* _Supplied data_

-*-*-

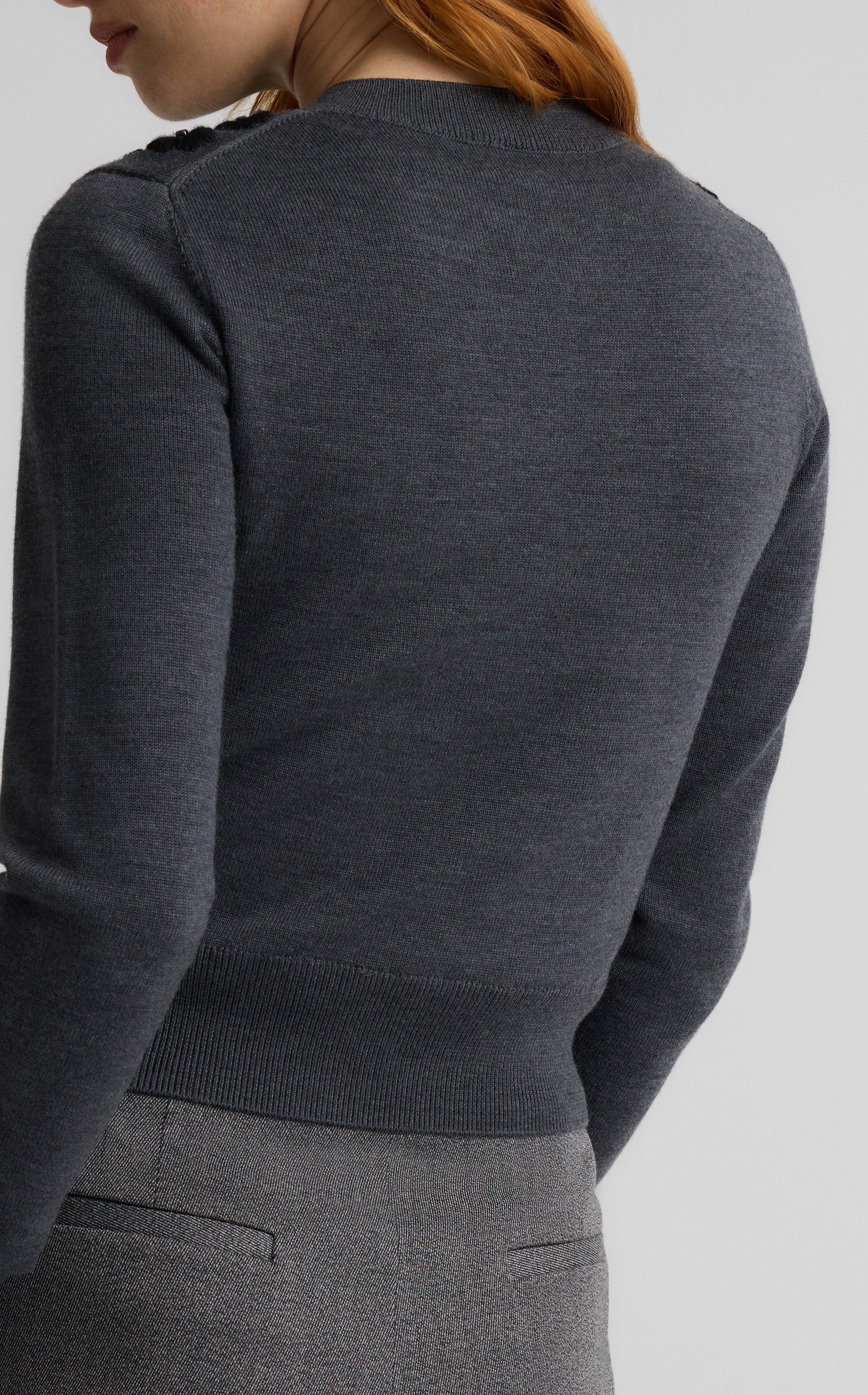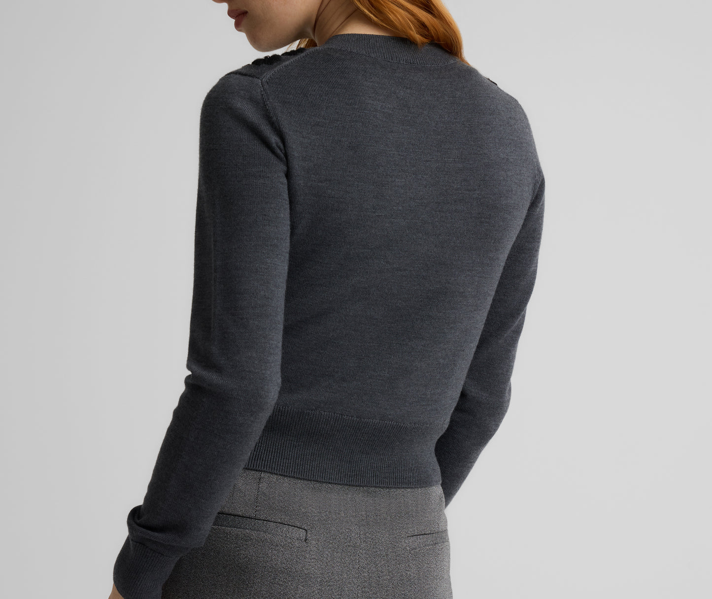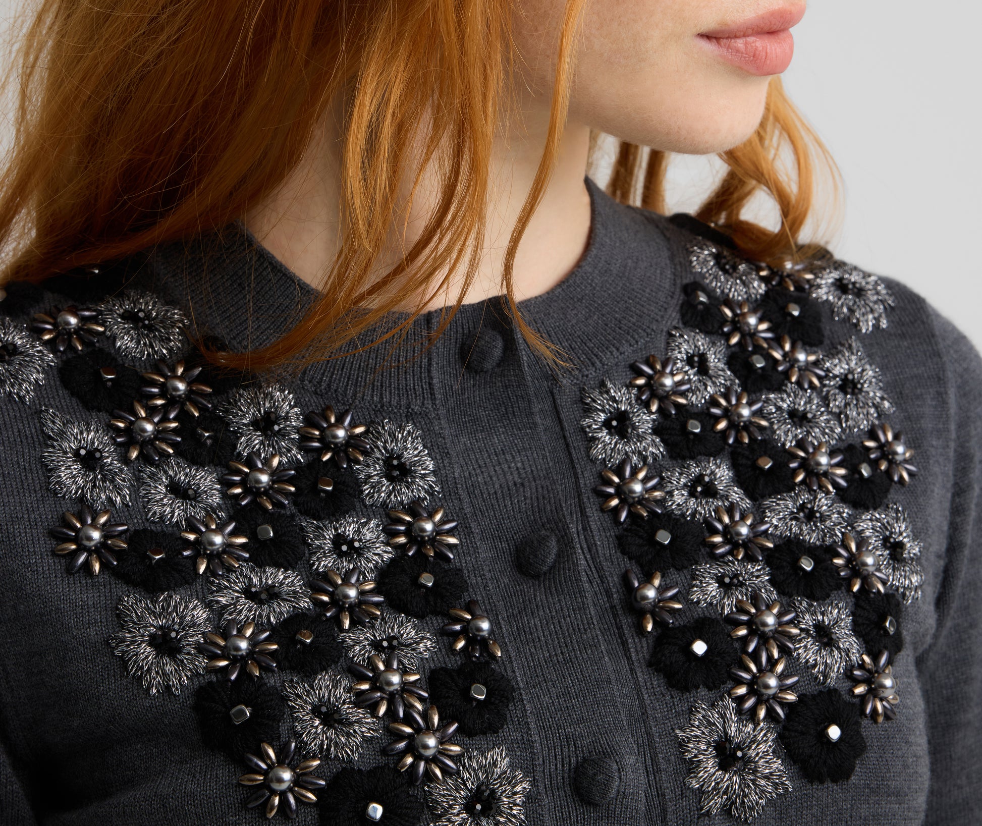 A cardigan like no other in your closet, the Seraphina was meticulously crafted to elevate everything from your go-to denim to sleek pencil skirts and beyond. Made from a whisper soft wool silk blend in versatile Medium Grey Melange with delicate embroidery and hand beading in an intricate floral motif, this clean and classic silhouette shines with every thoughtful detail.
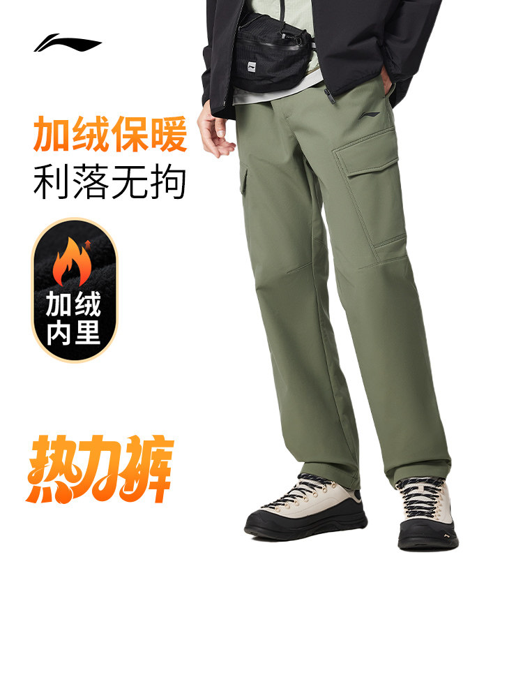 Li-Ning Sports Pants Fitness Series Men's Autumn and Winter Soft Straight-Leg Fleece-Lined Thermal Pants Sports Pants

-*-*-

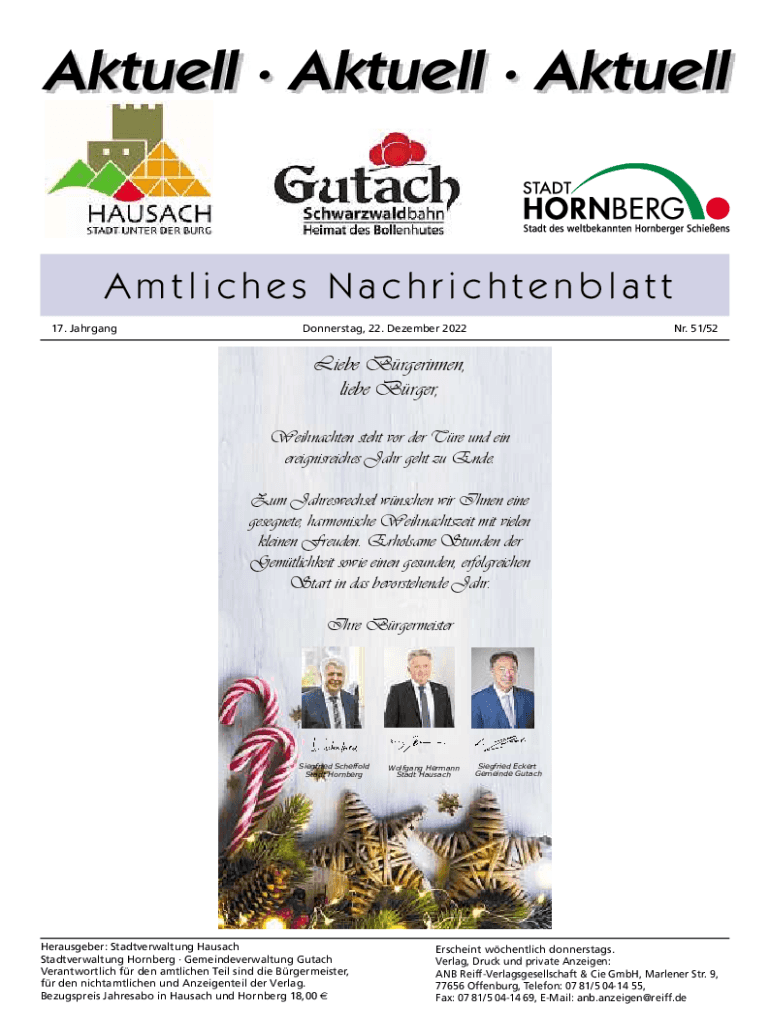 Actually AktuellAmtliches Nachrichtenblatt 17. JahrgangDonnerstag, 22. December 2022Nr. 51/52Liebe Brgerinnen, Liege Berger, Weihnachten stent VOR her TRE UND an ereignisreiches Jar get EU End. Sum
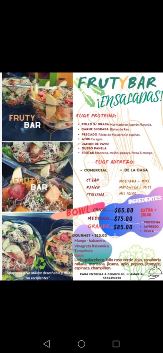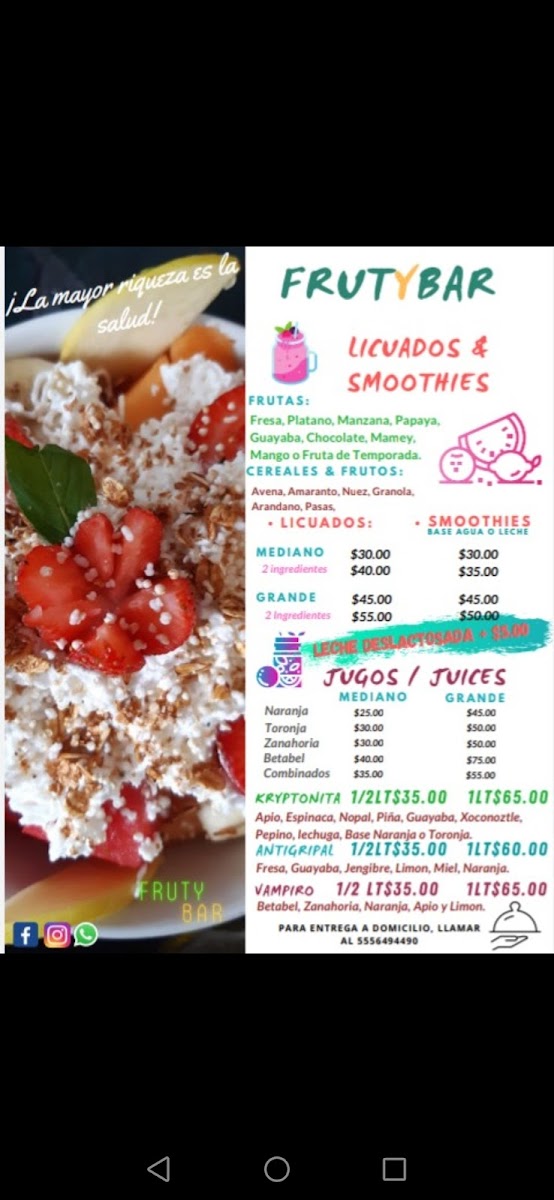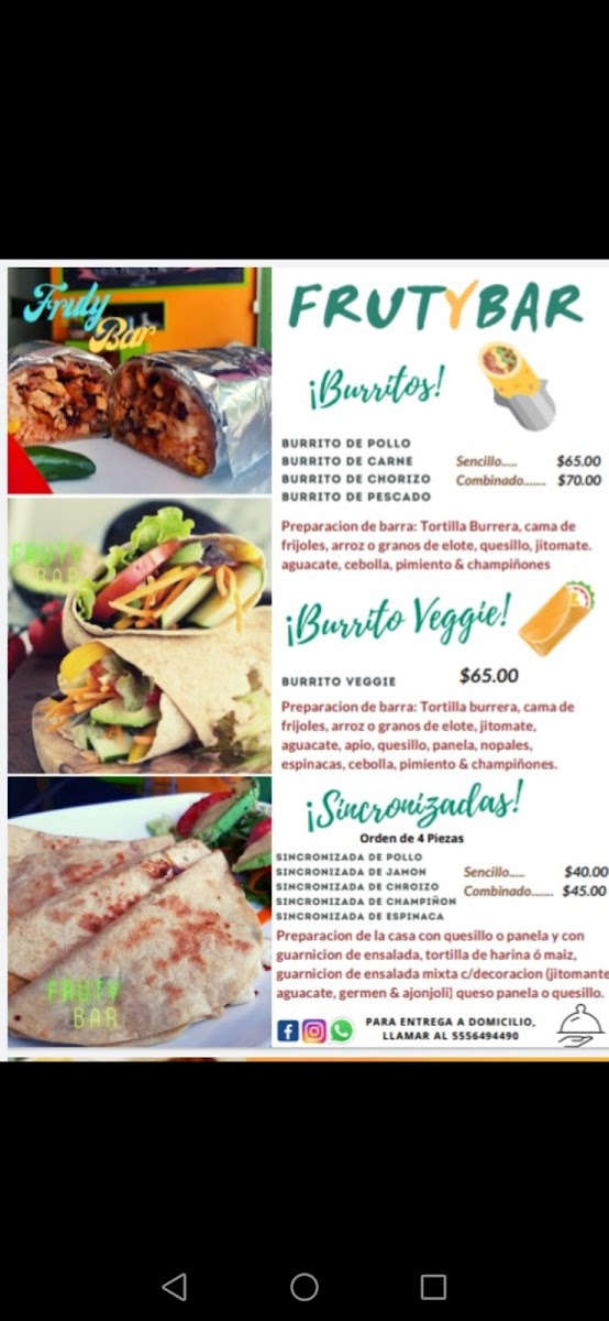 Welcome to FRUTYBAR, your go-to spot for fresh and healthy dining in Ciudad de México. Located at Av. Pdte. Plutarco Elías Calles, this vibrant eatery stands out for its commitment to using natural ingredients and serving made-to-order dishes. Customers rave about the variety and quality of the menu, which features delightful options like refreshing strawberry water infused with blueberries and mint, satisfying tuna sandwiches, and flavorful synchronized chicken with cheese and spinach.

-*-*-

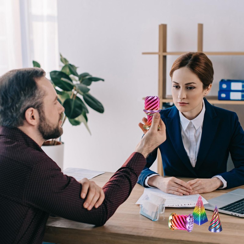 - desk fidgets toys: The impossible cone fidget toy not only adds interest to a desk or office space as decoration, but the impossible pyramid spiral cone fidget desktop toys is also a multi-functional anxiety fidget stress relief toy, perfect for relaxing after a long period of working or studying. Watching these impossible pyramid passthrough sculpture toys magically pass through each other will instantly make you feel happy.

-*-*-

* _Task objective_
An exact copy of the lines above from the one with "A cardigan like" up to and including the one with "Li-Ning Sports Pants" is required; reproduce only those lines, omitting all pictures.

* _Reply_
 A cardigan like no other in your closet, the Seraphina was meticulously crafted to elevate everything from your go-to denim to sleek pencil skirts and beyond. Made from a whisper soft wool silk blend in versatile Medium Grey Melange with delicate embroidery and hand beading in an intricate floral motif, this clean and classic silhouette shines with every thoughtful detail.
 Li-Ning Sports Pants Fitness Series Men's Autumn and Winter Soft Straight-Leg Fleece-Lined Thermal Pants Sports Pants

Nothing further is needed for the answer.